Brief:
Everything in the records except the pictures must be copied out exactly.

Source records:
[Start of Attachment]

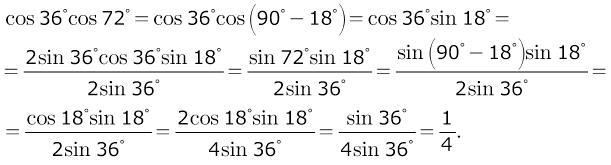 Умножили и поделили на 2sin36° и затем применяется синус двойного угла. Формулы приведения тоже приветствуются.
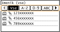 Prikaže prejemnike, katerih prve črke imen se ujemajo z izbranim zavihkom.
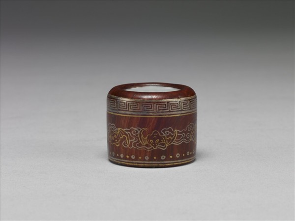 瓷扳指,外壁以黑、褐色彩釉繪製地紋,以摹仿木質紋理,其上再以金銀彩繪線描雲蝠紋、回紋及圈點紋,以仿嵌金銀絲的效果;內壁以硃紅篆書「乾隆年製」橫向單行四字款。中瓷4358-中瓷4375之各式扳指同儲於木匣中。乾隆官窯燒造的各類釉彩、各種形制及各式紋樣在造辦處中皆有檔案可追查,特別是釉彩一項,於歷年往返的文書中,透露出御窯廠同時生產與前朝風格相似及不同的作品。加上雍正六年至乾隆二十一年(1728-1756)以前,御窯廠的實際負責人皆為唐英,故從雍正、乾隆兩朝傳世品的異同中,頗能觀察出乾隆加諸官窯的影響,在他不定時的指導、參與之下,乾隆官窯創作出一種集大成的品味。此類作品有如收藏於北京故宮博物院的「各類釉彩瓷瓶」,以及此處的各種釉彩扳指,它們的尺寸雖有大、小的差異,功能亦有陳設和實用的不同,然而極致地表現追摹、仿燒的能力,最後將之改頭換面、再作包裝,正是乾隆官窯力圖誇耀技術、逞現能力的具體說明。
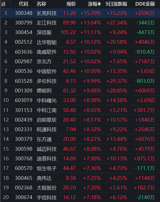 8月5日,申萬一級行業中計算機領漲,漲幅達3.93%。行業255只交易中的個股,有224只上漲,其中,有10只個股漲停,48只個股漲幅超5%。
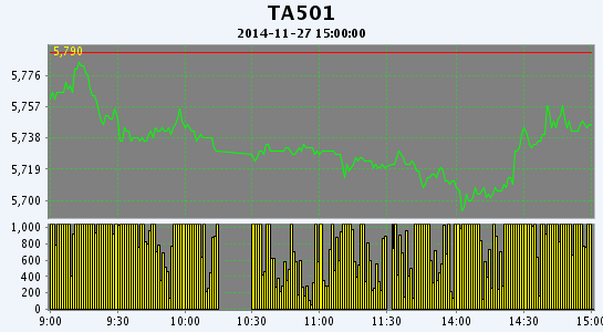 PTA期貨下探回升減倉收跌(11-27)
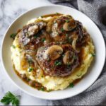 Bobby Flay Salisbury Steak with Mushroom Gravy is a classic American comfort food featuring juicy ground beef patties simmered in a rich and savory mushroom gravy. The dish combines flavorful seasonings, tender mushrooms, and a smooth gravy that’s perfect served over mashed potatoes or rice for a hearty family meal.
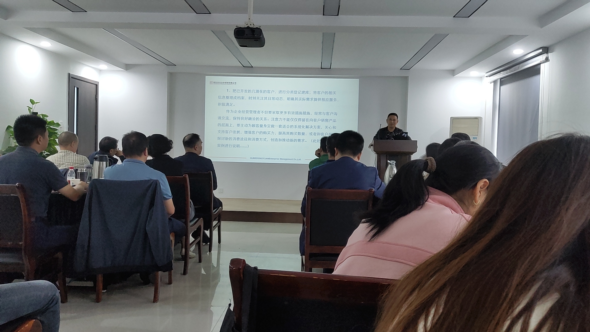 閱讀次數(shù):1085 發(fā)布時間:2023年09月23日2023年9月23日,東元企業(yè)管理公司組織《客戶維護與市場拓展》課題分享活動。公司董事長侯修煉作為主講之一登臺分享,公司全體管理人員在臺下認真聆聽學(xué)習(xí)。此次課題分享旨在提高企業(yè)員工業(yè)務(wù)知識學(xué)習(xí)能力,提高技術(shù)能力和管理水平。
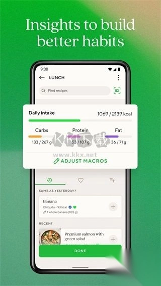 1、饮食记录: 允许用户记录每天的饮食和饮水情况,并提供了世界各地的食品数据库,用户可以快速添加他们所吃的食物。
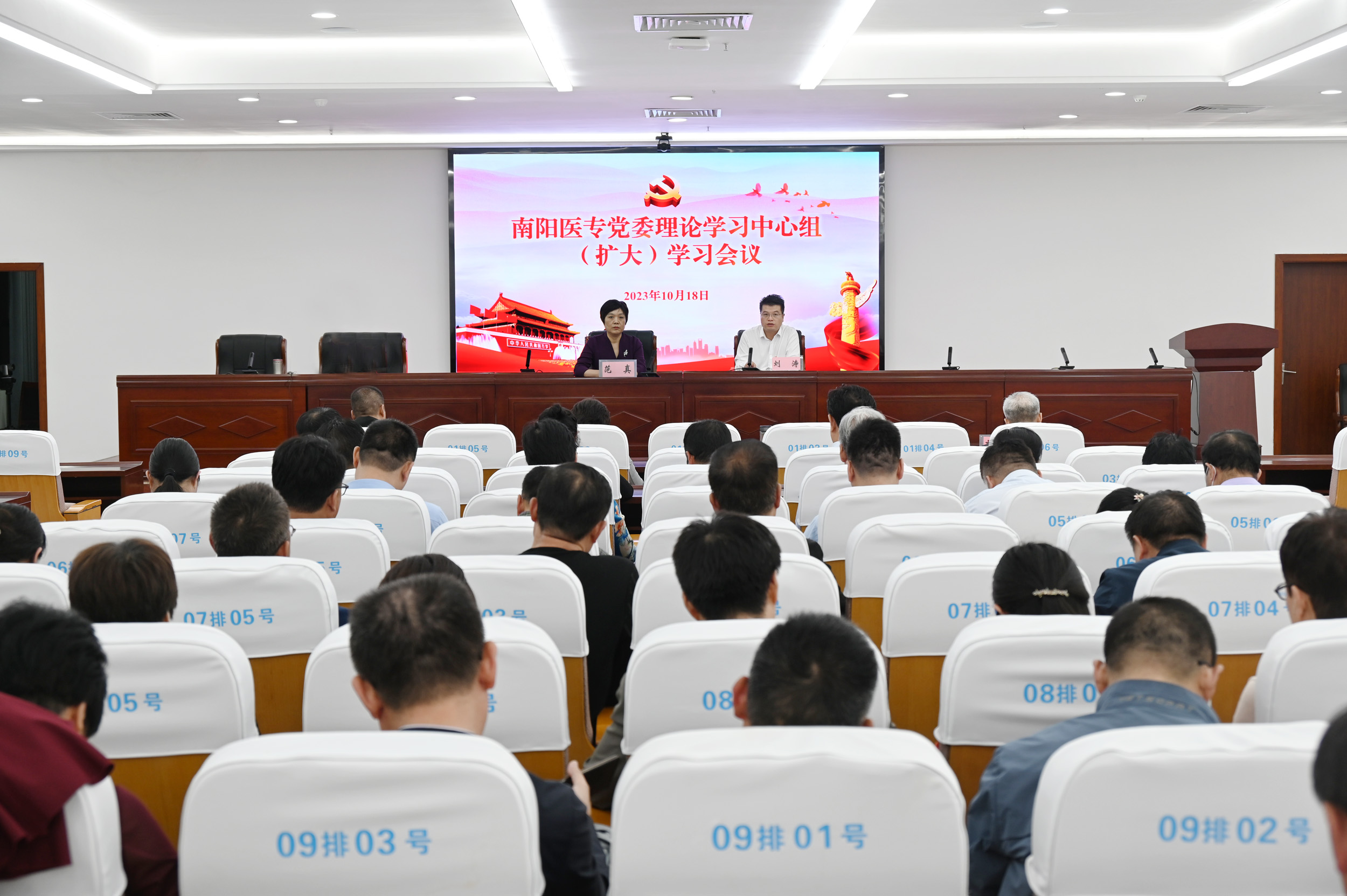 本网讯(文/宣传部 潘晓红)10月18日,按照校党委学习贯彻习近平新时代中国特色社会主义思想主题教育安排部署,学校召开党委理论学习中心组(扩大)学习会议。校长范真作专题报告,党委副书记刘涛主持会议,党委理论学习中心组成员、校本部中层正副职干部、校本部博士、三所附属医院负责同志参加会议。

[End of Attachment]

Answer for the task:
 Умножили и поделили на 2sin36° и затем применяется синус двойного угла. Формулы приведения тоже приветствуются.
 Prikaže prejemnike, katerih prve črke imen se ujemajo z izbranim zavihkom.
 瓷扳指,外壁以黑、褐色彩釉繪製地紋,以摹仿木質紋理,其上再以金銀彩繪線描雲蝠紋、回紋及圈點紋,以仿嵌金銀絲的效果;內壁以硃紅篆書「乾隆年製」橫向單行四字款。中瓷4358-中瓷4375之各式扳指同儲於木匣中。乾隆官窯燒造的各類釉彩、各種形制及各式紋樣在造辦處中皆有檔案可追查,特別是釉彩一項,於歷年往返的文書中,透露出御窯廠同時生產與前朝風格相似及不同的作品。加上雍正六年至乾隆二十一年(1728-1756)以前,御窯廠的實際負責人皆為唐英,故從雍正、乾隆兩朝傳世品的異同中,頗能觀察出乾隆加諸官窯的影響,在他不定時的指導、參與之下,乾隆官窯創作出一種集大成的品味。此類作品有如收藏於北京故宮博物院的「各類釉彩瓷瓶」,以及此處的各種釉彩扳指,它們的尺寸雖有大、小的差異,功能亦有陳設和實用的不同,然而極致地表現追摹、仿燒的能力,最後將之改頭換面、再作包裝,正是乾隆官窯力圖誇耀技術、逞現能力的具體說明。
 8月5日,申萬一級行業中計算機領漲,漲幅達3.93%。行業255只交易中的個股,有224只上漲,其中,有10只個股漲停,48只個股漲幅超5%。
 PTA期貨下探回升減倉收跌(11-27)
 Bobby Flay Salisbury Steak with Mushroom Gravy is a classic American comfort food featuring juicy ground beef patties simmered in a rich and savory mushroom gravy. The dish combines flavorful seasonings, tender mushrooms, and a smooth gravy that’s perfect served over mashed potatoes or rice for a hearty family meal.
 閱讀次數(shù):1085 發(fā)布時間:2023年09月23日2023年9月23日,東元企業(yè)管理公司組織《客戶維護與市場拓展》課題分享活動。公司董事長侯修煉作為主講之一登臺分享,公司全體管理人員在臺下認真聆聽學(xué)習(xí)。此次課題分享旨在提高企業(yè)員工業(yè)務(wù)知識學(xué)習(xí)能力,提高技術(shù)能力和管理水平。
 1、饮食记录: 允许用户记录每天的饮食和饮水情况,并提供了世界各地的食品数据库,用户可以快速添加他们所吃的食物。
 本网讯(文/宣传部 潘晓红)10月18日,按照校党委学习贯彻习近平新时代中国特色社会主义思想主题教育安排部署,学校召开党委理论学习中心组(扩大)学习会议。校长范真作专题报告,党委副书记刘涛主持会议,党委理论学习中心组成员、校本部中层正副职干部、校本部博士、三所附属医院负责同志参加会议。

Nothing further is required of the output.